Friends.  Fun.  Try the all-new Yahoo! Messenger.
http://messenger.yahoo.com/

Re: getGeneratedKeys method

От
Dave Cramer
Дата:
Ceki,

Yes, this is correct, there is no functionality in postgres to get the
generated keys.

This is because the keys are generated using a sequence which can be any
of the columns in the row, there is no apriori knowledge of the column
that is being generated.

There are three ways around this.

1) get the key before the insert. select nextval('sequence_name');

2) get the key after the insert leaving the key value out of the insert,
or inserting a null there. select currval('sequence_name');

3) do an insert and a select at the same time ie.
insert into foo ....; select curval('sequence name')

FYI, nextval and currval are valid in the context, so you don't have to
worry about other connections getting in the way. These functions do the
"right" thing.



On Wed, 2004-05-26 at 07:56, Ceki Gulcu wrote:
> Hello,
>
> We, the log4j developers, are working on an appender
> that will write
> log4j events to various RDBMS Various fields of an
> event object will
> go to 3 different tables, namely the logging_event
> table, the
> logging_event_property table and the
> logging_event_exception
> table. Each entry in the logging_event_property and
> the
> logging_event_exception tables uses a reference to
> event_id, where
> event_id is a database generated primary key in the
> logging_event
> table.
>
> For entries in the logging_event_property and
> logging_event_exception
> tables to be meaningful, we absolutely need the
> generated event_id
> each time we insert a new logging_event row. We are
> able to do this by
> following each logging_event insertion with a query to
> the database
> asking for the event_id of the last inserted event.
> This works for
> multiple database systems.
>
> However, we have discovered that batching multiple
> insertions gives a
> very significant boost in performance. Thus, we would
> like to insert
> say 50 logging_event rows, then multiple
> logging_event_property rows
> and then multiple logging_event_exception rows. We are
> using the
> JDBC getGeneratedKeys method to obtain the event_ids.
> Unfortunately, this
> function is not implemented in Postgresql.
>
>
> Looking at the archives it seems that this
> functionality requires
> support for the database back end which does not exist
> currently. Is
> that correct?
>
> Is there another way to insert into multiple tables in
> batches as
> described above without using the JDBC
> getGeneratedKeys  method?
>
> Your views on the matter would be highly appreciated.
> Thanking you
> in advance,
--
Dave Cramer
519 939 0336
ICQ # 14675561


Re: getGeneratedKeys method

От
Oliver Jowett
Дата:
Ceki Gulcu wrote:
> For entries in the logging_event_property and
> logging_event_exception
> tables to be meaningful, we absolutely need the
> generated event_id
> each time we insert a new logging_event row.
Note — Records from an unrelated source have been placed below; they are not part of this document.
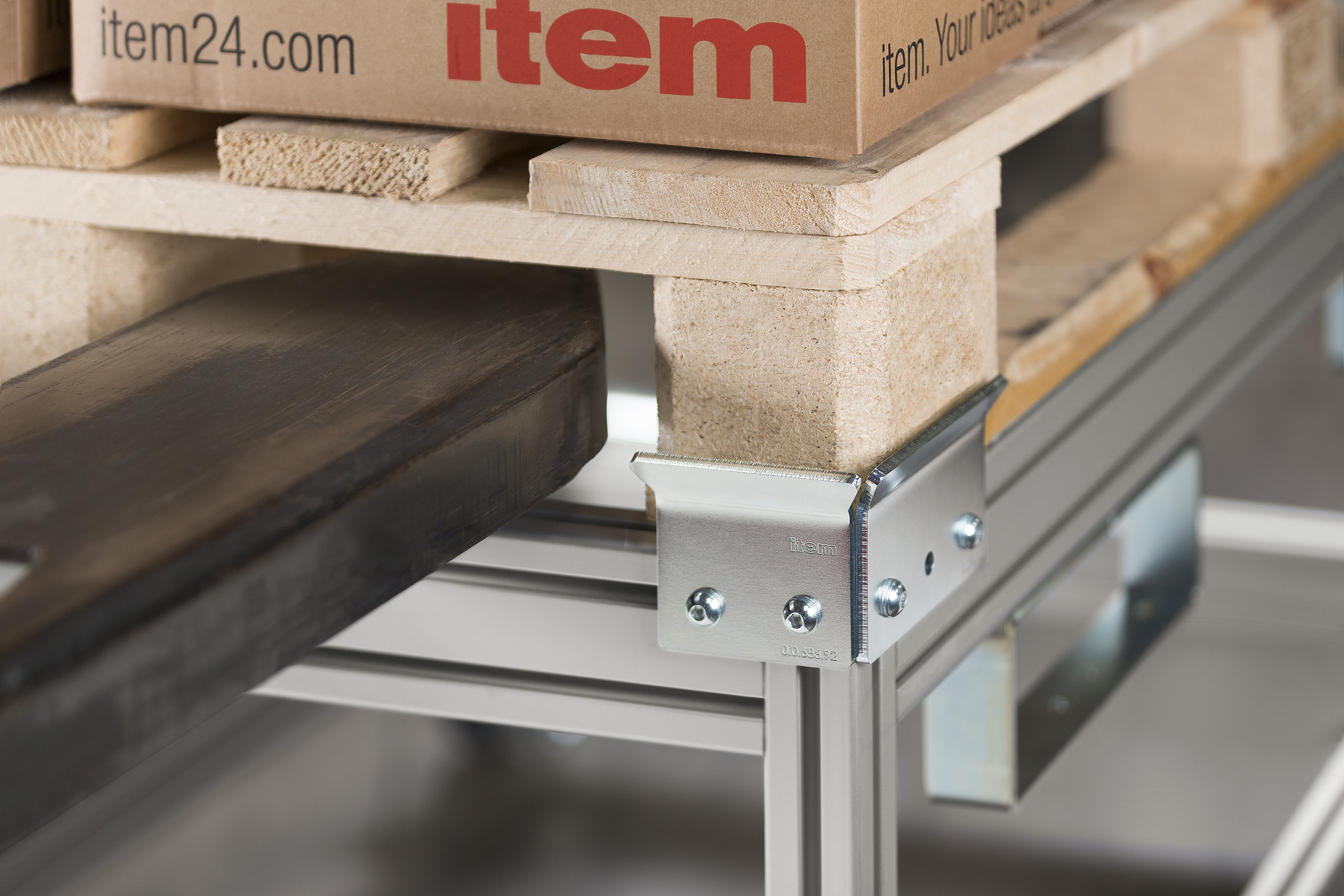 By launching its new factory equipment, item Industrietechnik is creating even more flexibility and freedom for engineering tasks. For example, the new Latch offers a simple means of securing doors and hatches. It comprises two parts – one that is fitted to the surrounding frame and another element with a grip that is fitted to the door or hatch. The compact frame part is secured in the Line 8 groove of the existing frame. When the hatch or door is closed, the grip element audibly clicks into the frame part, giving the user audible feedback to indicate that the door is secure. It takes little force to release the spring-mounted catch mechanism and open the door again, and the ergonomically designed grip makes the Latch even easier to operate. The Latches can be used with Line 8 and 6 profiles and with Clamp Profile 8 32x18. Cover Profile 8 K/Al is another new component in the item MB Building Kit System. It seals a Line 8 groove on a profile to keep dirt and dust out and produce an easy-to-clean surface. The plastic strip is easy to insert into place and can be quickly cut to size using item Multi-Purpose Pliers. An aluminium finish foil gives Cover Profile 8 K/Al the look of an aluminium profile. Another piece of factory equipment, the new item Stacking Guide 8 St 80x80-30° makes it easier to stack boxes, pallets and trolleys and prevents positioning errors. The centring aid on the device ensures that objects automatically slide into the desired position. The 30° incline distributes weight over multiple points.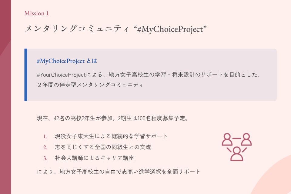 #YourChoiceProjectによる、地方女子高校生の学習・将来設計のサポートを目的とした、2年間の伴走型メンタリングコミュニティです。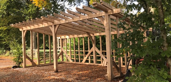 The frame for this impressive log store took just two days to construct - two very wet days as it happens, but that didn't stop progress. It goes to show how quickly a structure can be built using an oak frame once all the groundworks have been completed. The frame looks stunning here in the sunlight - which came out after the build was completed, of course!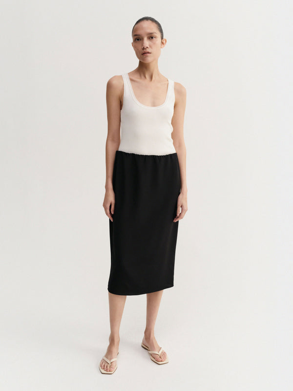 Cia Silk Skirt is crafted from lightweight silk. Cut to a softly tapered pencil silhouette that falls to a midi length. Finished with an elasticated waistband for ease and comfort.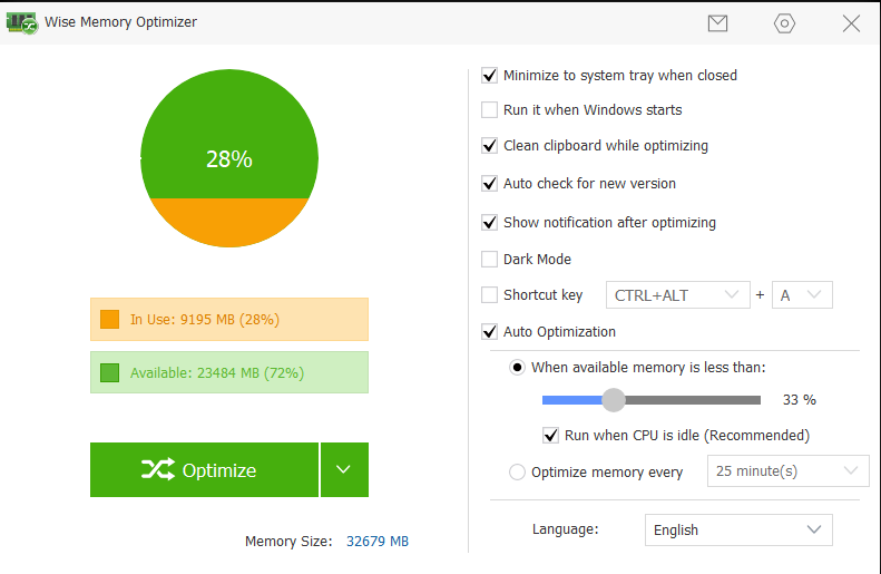 I inställningarna för Wise Memory Optimizer kan du aktivera automatisk optimering. Med hjälp av skjutreglaget kan du ange minnesgränsen för när automatisk rensning ska ske (till exempel när mindre än 33 procent av minnet är tillgängligt).

We are
> able to do this by
> following each logging_event insertion with a query to
> the database
> asking for the event_id of the last inserted event.
> This works for
> multiple database systems.
>
> However, we have discovered that batching multiple
> insertions gives a
> very significant boost in performance.

Note that as it stands this isn't true for the postgresql driver,
executeBatch() actually just runs each query synchronously. Fixing this
is at the top of my todo list..

> Thus, we would
> like to insert
> say 50 logging_event rows, then multiple
> logging_event_property rows
> and then multiple logging_event_exception rows. We are
> using the
> JDBC getGeneratedKeys method to obtain the event_ids.
> Unfortunately, this
> function is not implemented in Postgresql.
>
>
> Looking at the archives it seems that this
> functionality requires
> support for the database back end which does not exist
> currently. Is
> that correct?

It'd probably be possible to implement support for returning the OID of
inserted rows in a batch update. You can already get at that OID for
individual inserts via a postgresql-specific interface,
PGStatement.getLastOID(). However, the OID doesn't make a great key
anyway, and I think the general move is towards omitting OIDs from
tables altogether.

Anything else is going to be harder as the server does not provide much
in the way of metadata back from a query, and the JDBC driver does
little parsing of the SQL queries.

If you don't mind doing DB-specific implementations, and you have all of
the data for a particular event available at once, you might want to
look at using CREATE SEQUENCE for the event ID (I guess you're already
doing this if you want autogenerated keys) and use something like:

   INSERT INTO logging_event(nextval('id'), ...)
   INSERT INTO logging_event_property(currval('id'), "property 1", ...)
   INSERT INTO logging_event_property(currval('id'), "property 2", ...)
   INSERT INTO logging_event_exception(currval('id'), 'line 1", ...)
   INSERT INTO logging_event_exception(currval('id'), "line 2", ...)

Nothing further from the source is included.